The Upside of Going Public
With an infusion of cash derived from the sale of stock, the company may grow its business without having to borrow from traditional sources, thus avoiding paying interest. This "free" cash spent on growth initiatives can eventuate in a better bottom line. New capital may be spent on marketing and advertising, hiring more experienced personnel who require lucrative compensation packages, research and development of new products and or services, renovation of the physical plant or new construction, and dozens of other programs to expand the business and improve profitability.
With more cash in the company coffers, additional compensation can also be offered to investors, stakeholders, founders and owners, partners, senior management, and employees enrolled in stock ownership plans.
Company stock and stock options may be used as an effective incentive program. When recruiting talented senior management personnel, stock options are an attractive inducement. For employees, a performance-based stock or option bonus program is an effective means of increasing productivity and managerial success. Stocks and options may also be used in other forms of compensation as well.

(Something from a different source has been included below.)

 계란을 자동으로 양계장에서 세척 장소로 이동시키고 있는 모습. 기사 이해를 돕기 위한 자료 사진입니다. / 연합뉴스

Once the company has gone public, additional equities may be easily sold to raise capital. A publicly-traded company with stock that has performed successfully will usually find it easier to borrow money, and at a more favorable rate, when additional capital is needed.
A publicly-traded company may also have more leverage in negotiating with vendors and be more attractive to customers. This is a critical aspect of a business, and a company that keeps vendor costs low may post better profit margins. Customers usually have a better perception of companies with a presence on a major stock exchange, another advantage over privately held companies. This is largely due to the regular audit and financial statement scrutiny public companies have to undergo on a regular basis.

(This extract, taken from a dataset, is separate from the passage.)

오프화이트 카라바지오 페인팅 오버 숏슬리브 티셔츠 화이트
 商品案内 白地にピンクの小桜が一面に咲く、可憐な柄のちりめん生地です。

A publicly-traded company conveys a positive image (if business goes well) and attracts high-quality personnel at all levels, including senior management. Such companies are growth-oriented, answer to a board of directors and shareholders who continually demand increased profitability, and are quick to rectify management problems and replace poorly performing senior executives.
The Downside of Going Public
Once a company goes public, its finances and almost everything about it, including its business operations, is open to government and public scrutiny. Periodic audits are conducted, and quarterly and annual reports are required. Company finances and other business data are available to the public, which can sometimes work against company interests. A careful reading of these reports can accurately determine a company's cash flow and credit-worthiness, which may not be perceived as positive.
The company is subject to SEC oversight and regulations, including strict disclosure requirements. Among the required disclosures is information about senior management personnel, including compensation, which is often criticized by the stakeholders.
The company is subject to shareholder suits, whether warranted or not. Lawsuits may be based on allegations of self-trading or insider trading. They may challenge executive compensation or question major management decisions. A single, disgruntled shareholder bringing a suit can cause expensive and time-consuming trouble for a publicly-traded firm.
Preparation for the IPO is expensive, complex and time-consuming. Lawyers, investment bankers, and accountants are required, and often outside consultants must be hired. It can take a year or more to prepare for an IPO. Business and market conditions can change radically in this time, and it may no longer be a propitious time for an IPO, thus rendering the preparation work and expense useless.
The pressure for profitability each quarter is a difficult challenge for the senior management team. Failure to meet target numbers or forecasts often results in a decline in the stock price. Falling stock prices, moreover, stimulate additional dumping, further eroding the value of the equities.
Before buyers and original holders of the IPO stock may liquidate their positions, a no-sell period is often enforced to prevent immediate selloffs. During this period the price of the stock may decline, resulting in a loss. And again, business and market conditions may change during this period to the detriment of the stock price.
The Bottom Line
From a distance, an IPO may look like a perfect means of making money. Close up, the many flaws become apparent. These should not dissuade a company from going public, however. Providing all the pros and cons have been understood and evaluated, and all the inherent risks assessed, if circumstances are right, an IPO may open profitable new opportunities for a company ready to be publicly traded.
But an IPO is not a guaranteed money maker for companies and/or shareholders. Some firms have been greatly disappointed by the price performance of IPOs. Finally, for companies currently being publicly traded, the opposite initiative—taking a public company private—may eventually prove more profitable than an IPO.